Work instruction → Beginning with the line that holds "Dans la série" and ending with the last line below, please copy every line exactly, add nothing, and leave out the pictures.

Exercise materials →
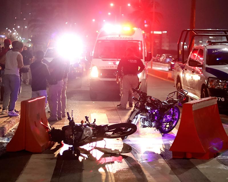 Dos motociclistas resultaron lesionados al chocar contra bloques de plástico macizo cuando circulaban sobre el Boulevard Ávila Camacho en el municipio de Boca del Río.
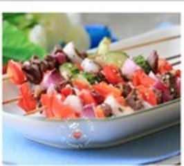 “串烧”是将肉类、海鲜、蔬菜瓜果等食物串成一串进行烧烤,成为一种食物类型的名称。色香味俱全。
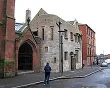 Ruchill Church Hall, designed by Charles Rennie Mackintosh, was built as a mission for the Free Church of Scotland and completed in 1899. It is located at 15/17 Shakespeare Street, a side road off Maryhill Road, Glasgow, Scotland, close to the bridge which takes Ruchill Street across the Forth and Clyde Canal to the Ruchill area, and near a shopping centre on the main road. The adjacent church closer to the canal was constructed later, designed by a different architect.
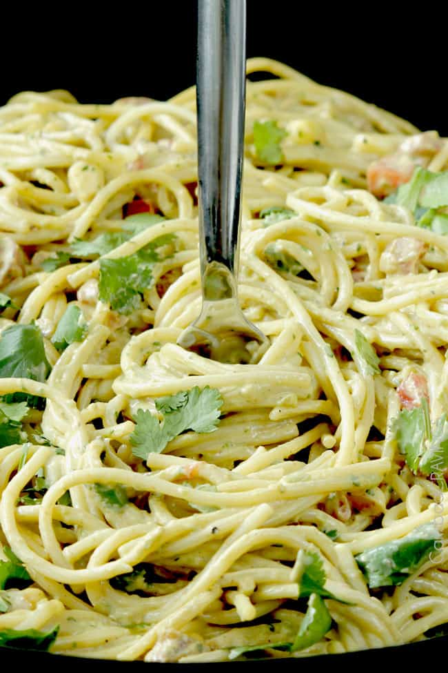 This ย Baja Avocado Pasta is SO thick and creamy without any butter, ย heavy cream or cream cheese. ย So you donโt have to feel bad when you just canโt stop diving in mouth first.
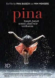 Pina is a 2011 German 3D documentary film directed by Wim Wenders[2] that is about German dancer and choreographer Pina Bausch.[3] On 30 June 2009, during the preparation for the film, Bausch died unexpectedly, so Wenders cancelled the project, but the dancers of Bausch's company, Tanztheater Wuppertal, convinced him to proceed as planned, as a way of memorializing Bausch and some of her choreography.
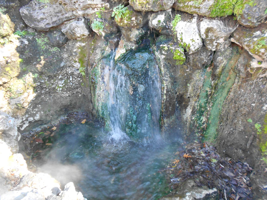Evaporating and cooling of the water over millions of years causes calcium and silica salts to build up and create rock called "Tufa."
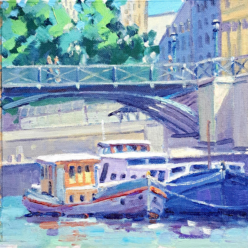 Dans la série "Paris péniches", une escale sous le Pont Neuf pour deux péniches amarrées.
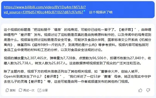 假如你發(fā)它一個(gè)視頻鏈接,它只能給你分析整個(gè)網(wǎng)頁上的文字在說啥,而不能總結(jié)視頻里講了啥。
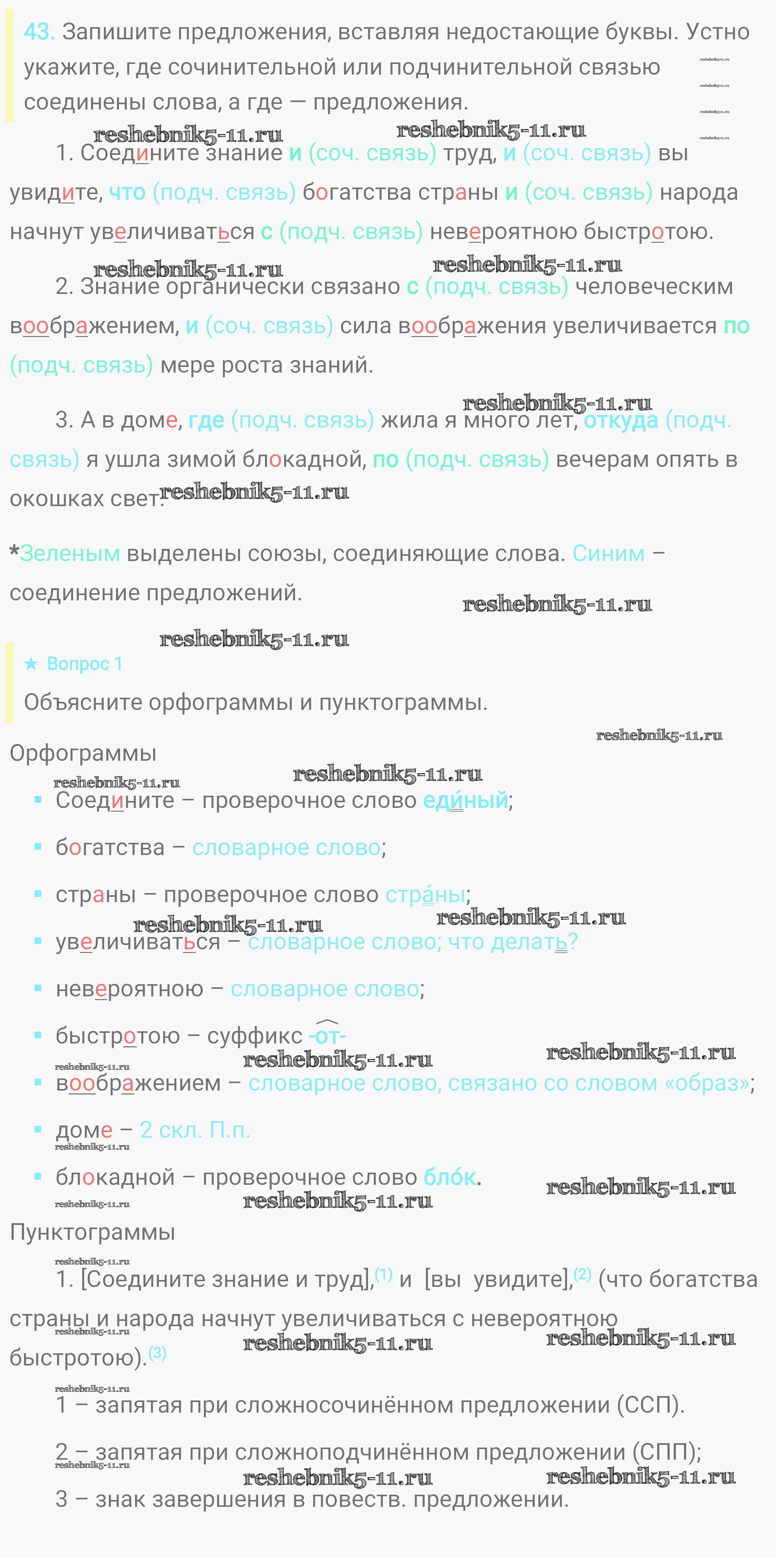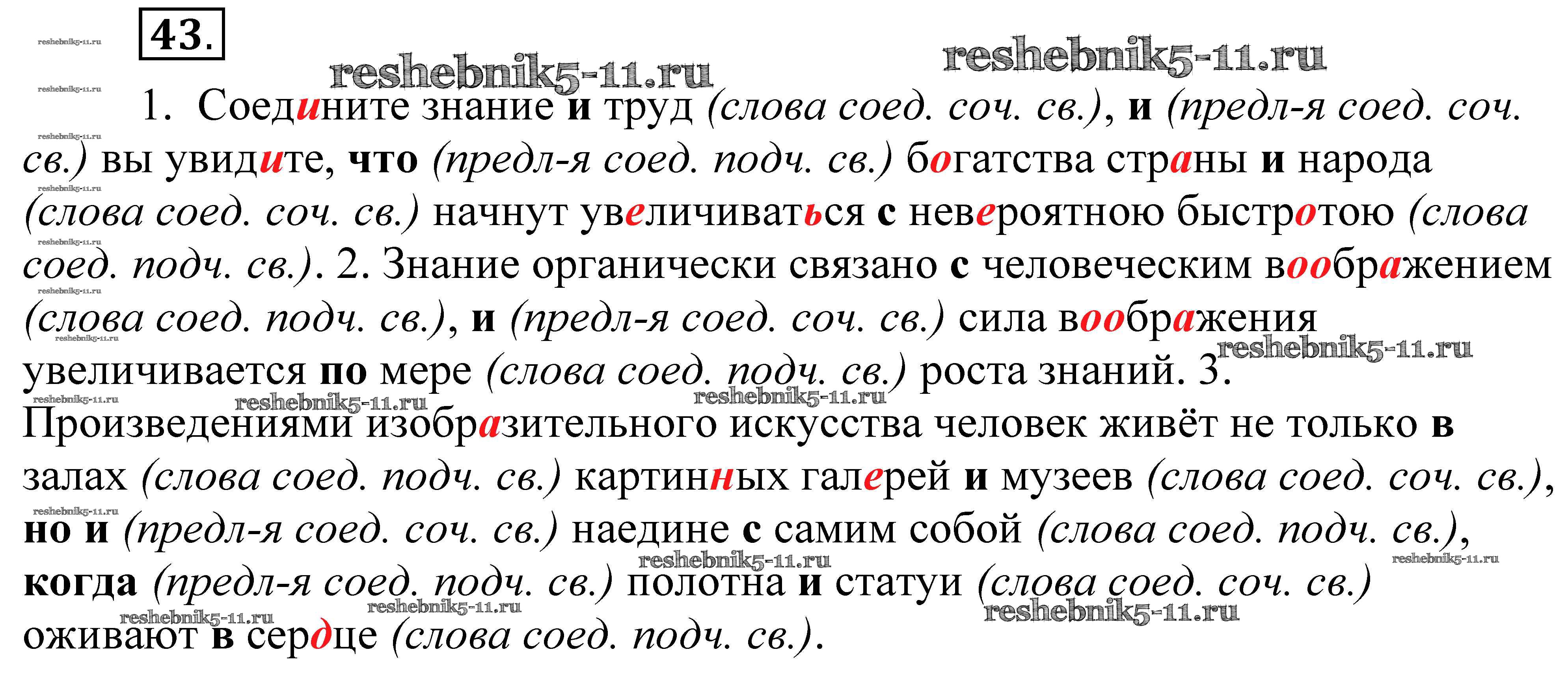 Готовая домашняя работа с ответами по Русскому языку за 8 класс Пичугов, Еремеева, Купалова, Леденева Практика Вертикаль Дрофа 2016 ФГОС - Упражнения 43

Solution below →
 Dans la série "Paris péniches", une escale sous le Pont Neuf pour deux péniches amarrées.
 假如你發(fā)它一個(gè)視頻鏈接,它只能給你分析整個(gè)網(wǎng)頁上的文字在說啥,而不能總結(jié)視頻里講了啥。
 Готовая домашняя работа с ответами по Русскому языку за 8 класс Пичугов, Еремеева, Купалова, Леденева Практика Вертикаль Дрофа 2016 ФГОС - Упражнения 43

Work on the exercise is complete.